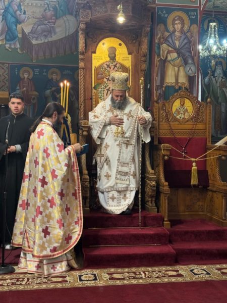 Του Όρθρου χοροστάτησε και προεξήρχε της Θείας Λειτουργίας ο Σεβασμιώτατος Μητροπολίτης Ιωαννίνων κ. Μάξιμος πλαισιούμενος από τον εφημέριο του προσκυνήματος.
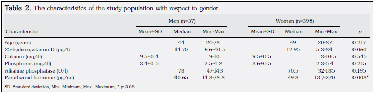 In this study, we analyzed 435 samples (262 winter samples and 173 summer samples). The patients ranged between 20 and 87 years of age (mean 48.72±14.22), and the mean 25-(OH)D status was 16.25±10.98 μ/l. The serum calcium was measured, and the median adjusted calcium was 9.47 mg/dl (range 7.8-10.5 mg/dl). The characteristics of our samples are shown in Table 1.
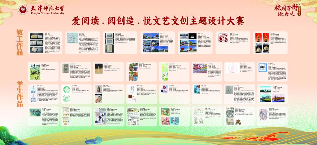 首届校园传统文化传承与阅读文创主题设计大赛面向全校教职工和在校生同期举办,以师范大学为设计元素,结合师范大学文化遗产、文化资源、学校图书馆理念,设计并形成文化创意、产品、作品等。旨在发掘校园文化资源,加强校园文化建设与保护,以师范大学为设计元素汇集一批高质量主题文创作品,不断丰富校园文化载体。大赛举办以来,得到我校师生的广泛支持,共收到师生作品一百多幅,充分展示了师生知校、爱校、护校、荣校的深厚情怀。
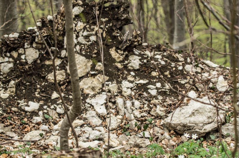 Der Boden ist hier extrem kalkhaltig, was die Unterseite, also wurzelseitig, von einem wetterbedingt gekippten Baum dokumentiert.
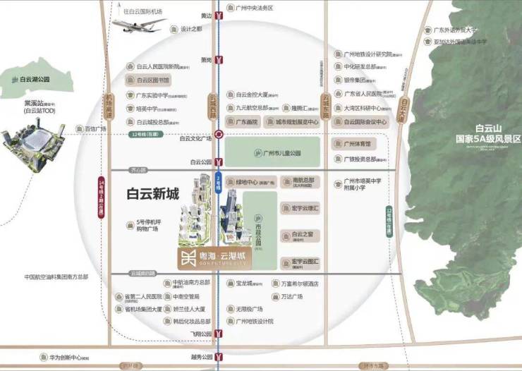项目紧邻广州儿童中心、白云国际会议中心等六大省市级地标建筑,南航三大总部、无限极总部、地铁设计院总院等总部大楼环绕在旁,共同构筑了一个高端、商务、国际化的生活圈层。
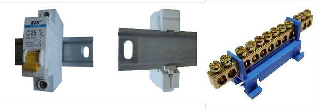 - DIN-рейка. Это изделие крепится к задней стенке пластикового или металлического бокса при помощи саморезов. Она служит для размещения автоматических выключателей, счетчика и прочих устройств автоматики.

== What the exercise asks ==
With every picture omitted, write out the material exactly from its first line through the line containing "项目紧邻广州儿童中心、白云国".

== Task output ==
 Του Όρθρου χοροστάτησε και προεξήρχε της Θείας Λειτουργίας ο Σεβασμιώτατος Μητροπολίτης Ιωαννίνων κ. Μάξιμος πλαισιούμενος από τον εφημέριο του προσκυνήματος.
 In this study, we analyzed 435 samples (262 winter samples and 173 summer samples). The patients ranged between 20 and 87 years of age (mean 48.72±14.22), and the mean 25-(OH)D status was 16.25±10.98 μ/l. The serum calcium was measured, and the median adjusted calcium was 9.47 mg/dl (range 7.8-10.5 mg/dl). The characteristics of our samples are shown in Table 1.
 首届校园传统文化传承与阅读文创主题设计大赛面向全校教职工和在校生同期举办,以师范大学为设计元素,结合师范大学文化遗产、文化资源、学校图书馆理念,设计并形成文化创意、产品、作品等。旨在发掘校园文化资源,加强校园文化建设与保护,以师范大学为设计元素汇集一批高质量主题文创作品,不断丰富校园文化载体。大赛举办以来,得到我校师生的广泛支持,共收到师生作品一百多幅,充分展示了师生知校、爱校、护校、荣校的深厚情怀。
 Der Boden ist hier extrem kalkhaltig, was die Unterseite, also wurzelseitig, von einem wetterbedingt gekippten Baum dokumentiert.
项目紧邻广州儿童中心、白云国际会议中心等六大省市级地标建筑,南航三大总部、无限极总部、地铁设计院总院等总部大楼环绕在旁,共同构筑了一个高端、商务、国际化的生活圈层。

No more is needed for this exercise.